▸ **Collected material**
▽
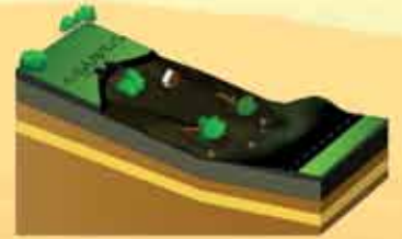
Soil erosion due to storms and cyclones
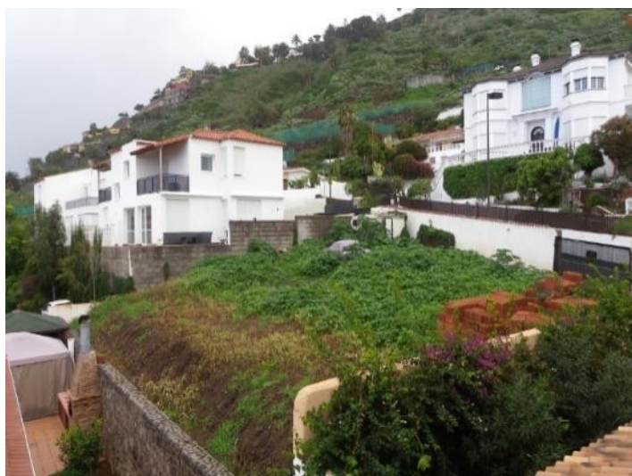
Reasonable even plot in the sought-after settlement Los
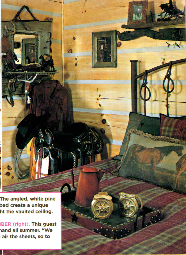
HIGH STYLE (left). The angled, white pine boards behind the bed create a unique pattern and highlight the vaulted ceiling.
△
▸ **The task**
Without including any image, reproduce the full listing above as written.

▸ **Worked solution**
Soil erosion due to storms and cyclones
Reasonable even plot in the sought-after settlement Los
HIGH STYLE (left). The angled, white pine boards behind the bed create a unique pattern and highlight the vaulted ceiling.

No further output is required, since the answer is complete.